··· RECORDS FOR THIS TASK ···

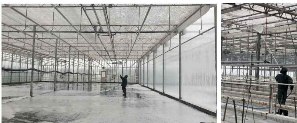
Figure 3. Désinfection d'une serre de grande taille dans laquelle les supports de culture et tous les éléments amovibles ont été démontés et sortis (photo de gauche, Service phytosanitaire cantonal de Thurgovie, Arenenberg). Traitement d'une serre de taille moyenne avec le désinfectant moussant (photo de droite, Agroscope Cédric Camps).
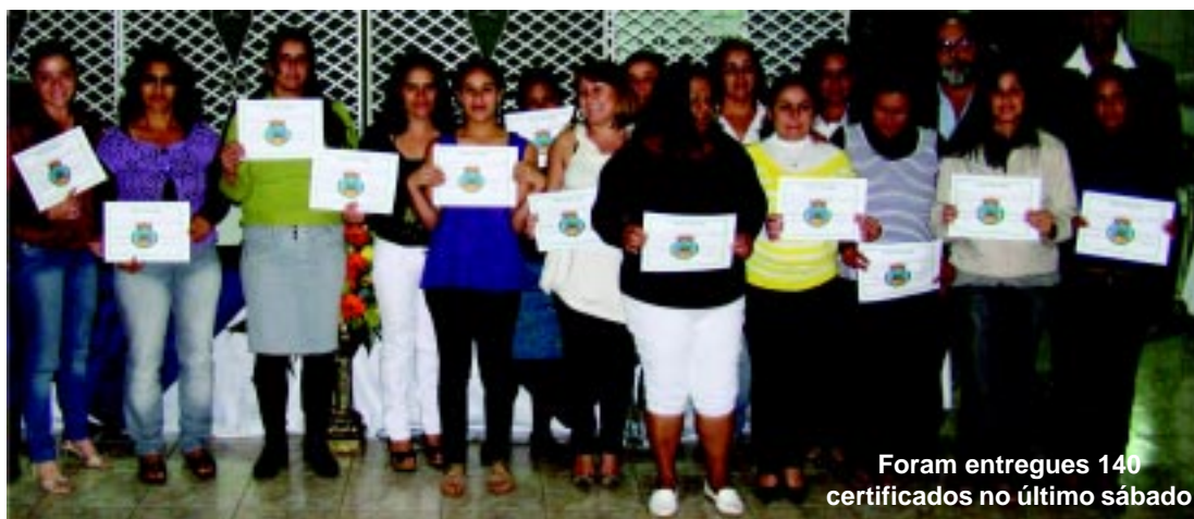
Foram entregues 140 certificados no último sábado

“As pessoas querem cada vez mais ter oportunidades de produzir, melhorando de vida e não só ficar dependendo de programas estaduais e federais”, destacou a secretária. “Desde o início de 2009 implementamos várias ações. Investimos mais em saúde, Educação e Infraestrutura. A geração de emprego e renda também faz parte do nosso plano de governo. Não há programa social que substitua o emprego e por isso estamos investindo em curso de qualificação, além de incentivarmos os microempreendedores através do Banco do Povo”, acrescentou o governo municipal.
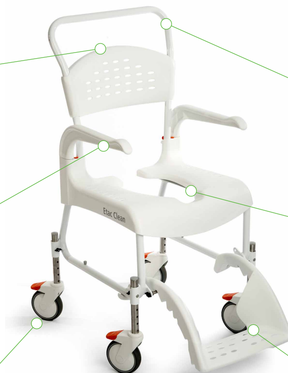
Clean, højdejusterbar model

Unik fodstøtte, der foldes ind under stolen, når den ikke er i brug. Buet fodplade for komfort og afslapning.
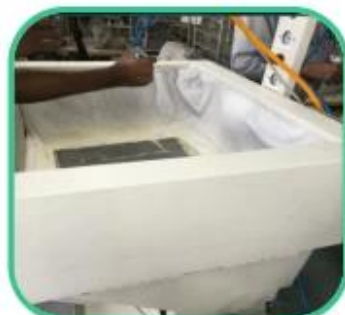
Glue Machine for Lining
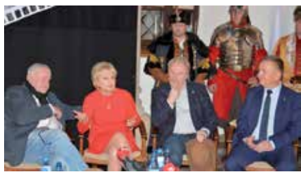
Jubileusz 50 - lecia premiery filmu „Pan Wołodyjowski”
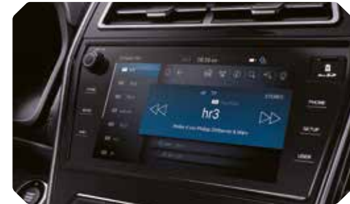
9,2" touch screen met navigatie
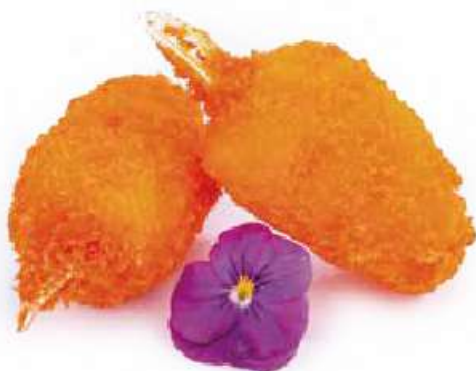
49 | CHELE DI GRANCHIO* 4PZ polpa di granchio fritta €5.00 🍷🍴
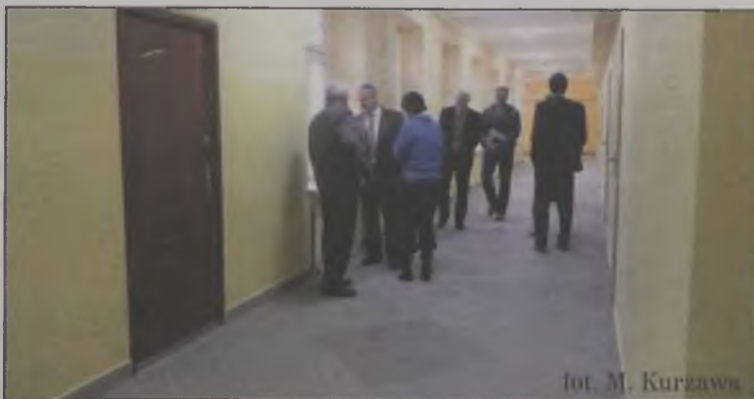
Wyremontowany korytarz w Domu dla Dzieci i Młodzieży w Nowym Świecie

Wydział Rolnictwa, Leśnictwa i Ochrony Środowiska
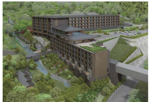
左下の渓谷庭園にある「離れ」がすべてスパになる

「自然と和のおもてなし」をコンセプトにした温泉旅館「箱根小涌園 天悠」は、全室に、箱根ならではの眺望が楽しめる温泉露天風呂がついています。都心からわずか2時間で、春は桜、梅雨はアジサイ、秋は紅葉、冬は雪と、季節ごとに変化する箱根の情景を楽しむことができます。渓谷庭園で行なう朝ヨガや、千条の滝と浅間山をめぐるハイキングなど、箱根の自然を全身で体感できるアクティビティもあり、豊かな箱根時間を過ごしながらか癒されるホテルです。「天悠」の風情ある通路で渓谷を渡り、庭園内に静かにたたずむ離れが、『庵 SPA HAKONE』です。
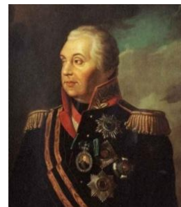
В) М.И. Кутузов
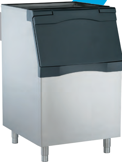
B530S se muestra con patas KLP8S opcionales.
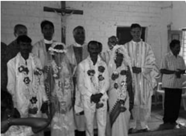
Zvláštní příležitostí k radosti byly hromadné svatby
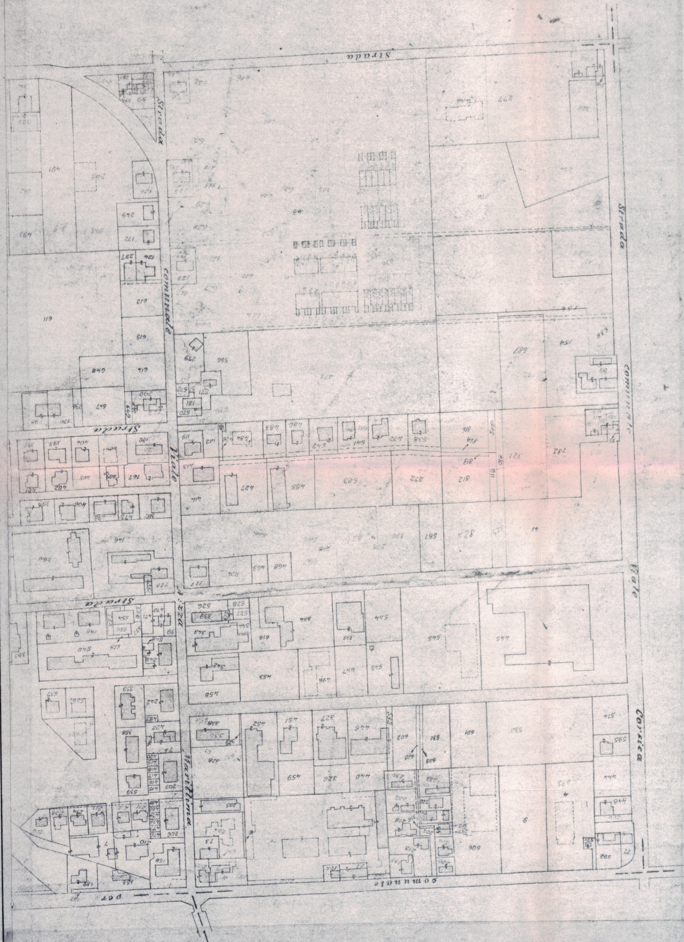
estratto autentico di mappa scala 1:2000

L'ATTRIBUZIONE DEI REDDITI VERBA EFFETTUATA IN SEDE DI REG. PRODOMINICA
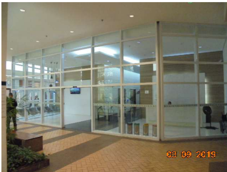
FOTO Nr.08: Vista interna da portaria do Ed. Santorini, situada no pavimento térreo.
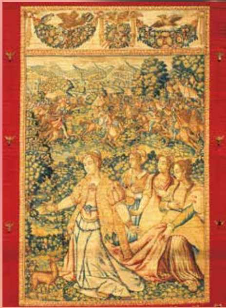
▲ 長浜祭鳳凰山飾毛繰 見送幕【重文】 【第2会場】 ■展示期間：平成27年3月9日(月)～4月3日(金)■
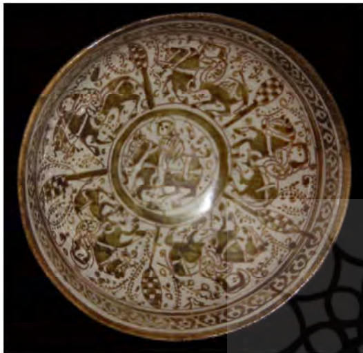
تصویر ۲: کاسه سفالین زرین فام، به شماره ثبت ۱۰۳ سین، کاشان، اواخر سده ششم هجری قمری (موزه آبگینه ۱۳۹۵)

در ظروف زرین فام دوران میانه کاشان، اسب اغلب به عنوان مرکب سوارکاران ترسیم شده است. علت این امر را می توان به جنبه مادی و معنوی اسب در زندگی، معیشت، نیروی نظامی همچنین در مراسم سوگند و تدفین و تقدس بودن آن برشمرد (سروری ۱۳۸۹، ۲۵۳-۲۶۸). استفاده از این نقش مایه، همراه با سوارکار در حال حرکت دیده می شود. سوارکاران و اسبان آن ها با تزئینات مشابه تصویر شده اند. اسبان ترسیم شده با جثه ای کوچک، گردن و ساق هایی درشت دیده می شوند (تصویر ۱-۳).
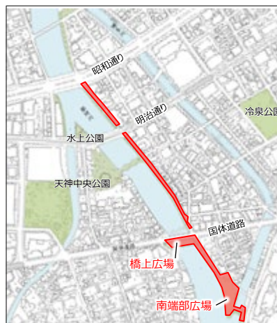
② 清流公園 （春吉橋迂回路橋上広場含む）
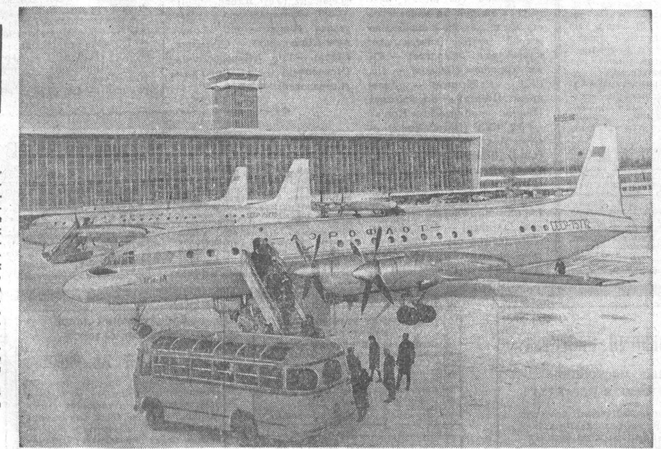
На снимке: аэропорт «Домодедов». Из очередного рейса прибыл в столицу самолет ИЛ-18.

АЛТАЙСКАЯ ПРАВДА ТАСС АПН. Москвичи и гости столицы получили к Новому году хороший подарок — вступает в строй действующих новое здание аэровокзала «Домодедов». Построенное из стекла и бетона, оно вместе с перронными галереями, к которым одновременно смогут подходить четырнадцать воздушных лайнеров, тянется почти на километр.
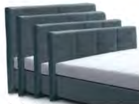
→ 0998S - Höhe 99 cm → 0998M - Höhe 109 cm → 0998L - Höhe 119 cm → 0998XL - Höhe 129 cm gegen Aufpreis
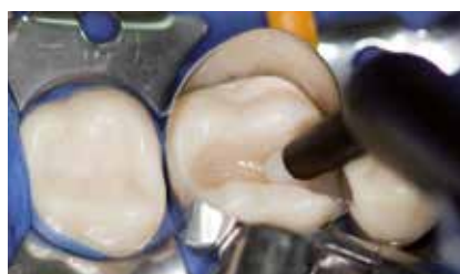
2 Millimeter Deckschicht GrandioSO einbringen
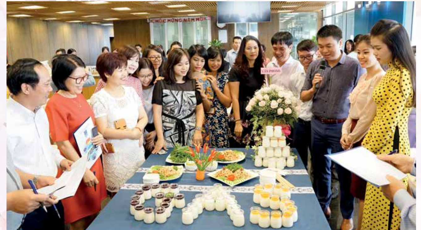
Các đội thi trong cuộc thi Món ngon 8/3

Bên cạnh các hoạt động tôn vinh phụ nữ, công tác từ thiện, an sinh xã hội được Công đoàn và Ban Nữ công, Đoàn Thanh niên DVK triển khai với nhiều nội dung: tặng quà cho 40 hộ dân nghèo ở phường Thắng Nhì và Rạch Dừa (Vũng Tàu) với trị giá 200 nghìn đồng/phần; tặng quà cho Hội Người mù tỉnh BR-VT với tổng trị giá 5 triệu đồng; thăm hỏi cán bộ nữ công PV GAS bị bệnh, thăm hỏi và quyên góp từ thiện cho trường hợp kỹ sư DVK có
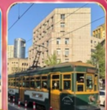
ขั้รถรางไฟฟ้าชมเมือง
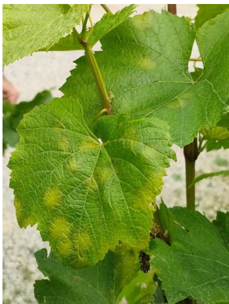
1 – Peronospora secondaria
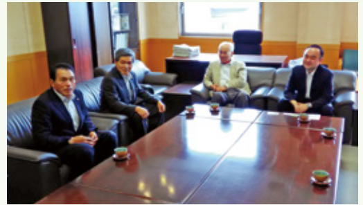
熊本地震災害義援金贈呈

···

» **PROBLEM REQUIREMENTS**
Word for word, restate the lines above from the one with "estratto autentico di mappa scala 1:2000" through the one with "Các đội thi trong cuộc thi Món ngon 8/3", keeping both ends and dropping the pictures.

» **ANSWER**
estratto autentico di mappa scala 1:2000

L'ATTRIBUZIONE DEI REDDITI VERBA EFFETTUATA IN SEDE DI REG. PRODOMINICA
FOTO Nr.08: Vista interna da portaria do Ed. Santorini, situada no pavimento térreo.
▲ 長浜祭鳳凰山飾毛繰 見送幕【重文】 【第2会場】 ■展示期間：平成27年3月9日(月)～4月3日(金)■
تصویر ۲: کاسه سفالین زرین فام، به شماره ثبت ۱۰۳ سین، کاشان، اواخر سده ششم هجری قمری (موزه آبگینه ۱۳۹۵)

در ظروف زرین فام دوران میانه کاشان، اسب اغلب به عنوان مرکب سوارکاران ترسیم شده است. علت این امر را می توان به جنبه مادی و معنوی اسب در زندگی، معیشت، نیروی نظامی همچنین در مراسم سوگند و تدفین و تقدس بودن آن برشمرد (سروری ۱۳۸۹، ۲۵۳-۲۶۸). استفاده از این نقش مایه، همراه با سوارکار در حال حرکت دیده می شود. سوارکاران و اسبان آن ها با تزئینات مشابه تصویر شده اند. اسبان ترسیم شده با جثه ای کوچک، گردن و ساق هایی درشت دیده می شوند (تصویر ۱-۳).
② 清流公園 （春吉橋迂回路橋上広場含む）
На снимке: аэропорт «Домодедов». Из очередного рейса прибыл в столицу самолет ИЛ-18.

АЛТАЙСКАЯ ПРАВДА ТАСС АПН. Москвичи и гости столицы получили к Новому году хороший подарок — вступает в строй действующих новое здание аэровокзала «Домодедов». Построенное из стекла и бетона, оно вместе с перронными галереями, к которым одновременно смогут подходить четырнадцать воздушных лайнеров, тянется почти на километр.
→ 0998S - Höhe 99 cm → 0998M - Höhe 109 cm → 0998L - Höhe 119 cm → 0998XL - Höhe 129 cm gegen Aufpreis
2 Millimeter Deckschicht GrandioSO einbringen
Các đội thi trong cuộc thi Món ngon 8/3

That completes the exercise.